Example 4 A dibenzopentacene thin film was formed in a thickness of 2000 angstrom by a vacuum deposition method on a part of a quartz glass substrate on which a gold thin film (500 angstrom thickness) was partially formed in advance at intervals of 2000 μm. The dibenzopentacene thin film was brought into contact with iodine vapor to dope the dibenzopentacene thin film with iodine. Then, a wire of rubidium metal (diameter 100 μm was formed on the dibenzopentacene formed on the quartz substrate without the gold thin film.
m) was placed and heated under reduced pressure (10 ⁻⁵ Torr) to 50 ° C. to diffuse rubidium into the dibenzopentacene thin film. A bipolar transistor was constructed using the lower two electrodes and the rubidium metal block as electrodes.
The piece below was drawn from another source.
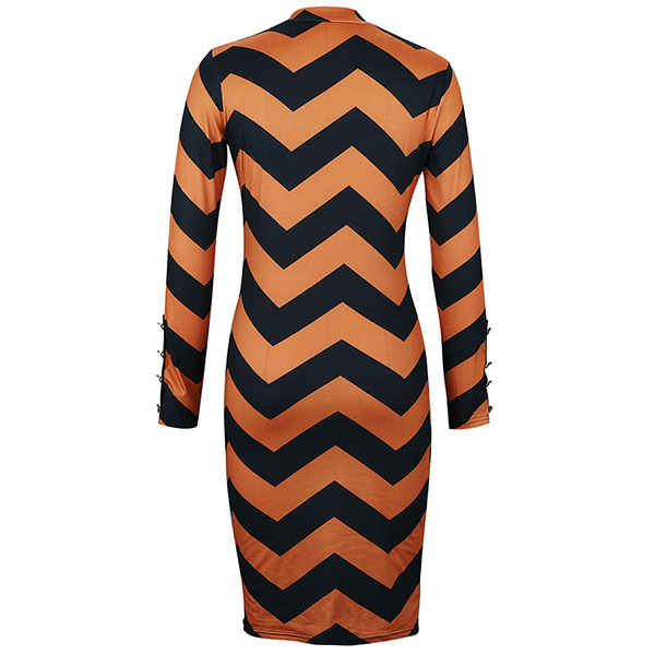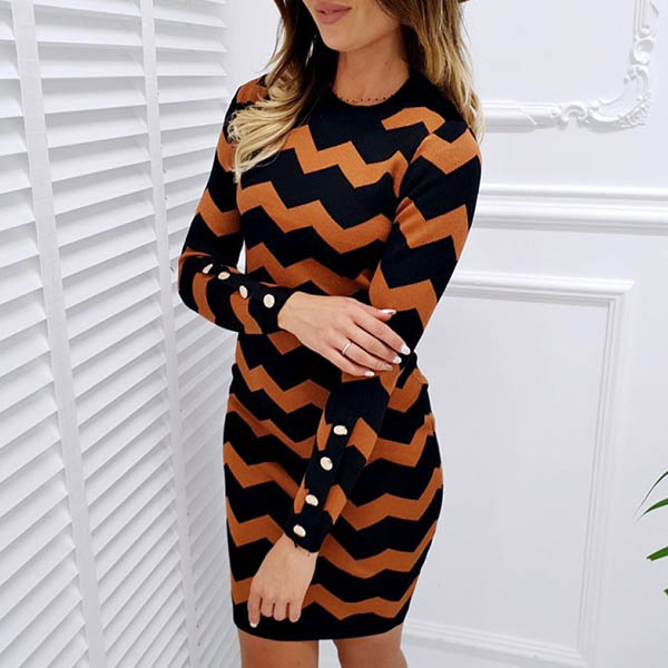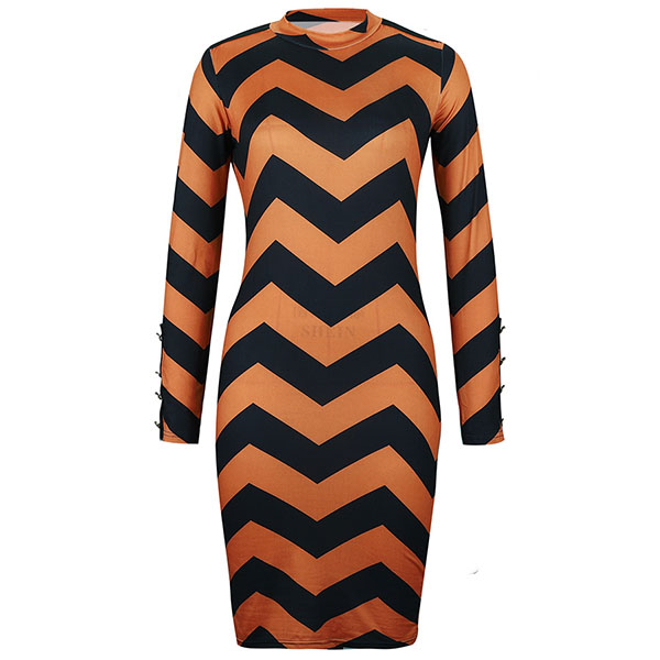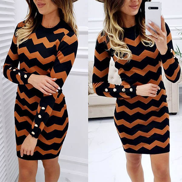This striped dress makes it easy for any girl to look effortlessly charming. The wavy-stripe printed details make this piece look so stylish,popular and eye-catching. Finished with long sleeve,round neck and a fit silhouette,this dress also knows how to portray your slender figure. When the days get cold,this long sleeve dress is worth to be your new darling.
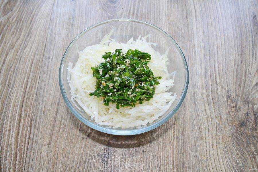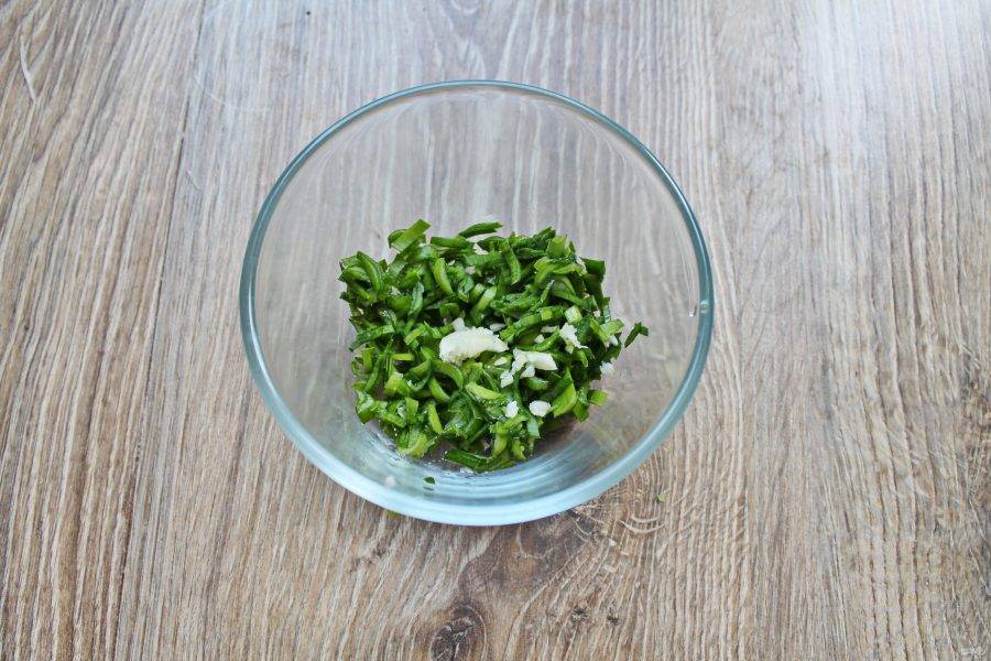 Зеленый лук мелко порежьте, добавьте к нему измельченный чеснок.

The voltage-current curve between the rubidium metal (base) and the other lower electrode (emitter) was measured under the condition that the potential of one of the lower electrodes (collector) was constant. As a result, it was found that the current value of the current-voltage curve sharply increased with increasing voltage. Also,
A change in collector potential (0 V to −10 V) increased the current between the emitter and the base.

[0017]

EFFECTS OF THE INVENTION The transistor of the present invention is easy to manufacture and has an excellent amplifying function unlike ordinary semiconductor elements made of inorganic materials and organic materials. In the manufacture of the transistor, the substrate temperature is usually room temperature, so that diodes can be formed on various substrates. Further, it is industrially useful because it has excellent surface properties and smoothness as a film quality.

Claims (1)

[Claims] 1. An organic thin film transistor characterized by using a condensed polycyclic aromatic compound thin film having a number of condensed condensed benzene rings of 4 or more and 13 or less.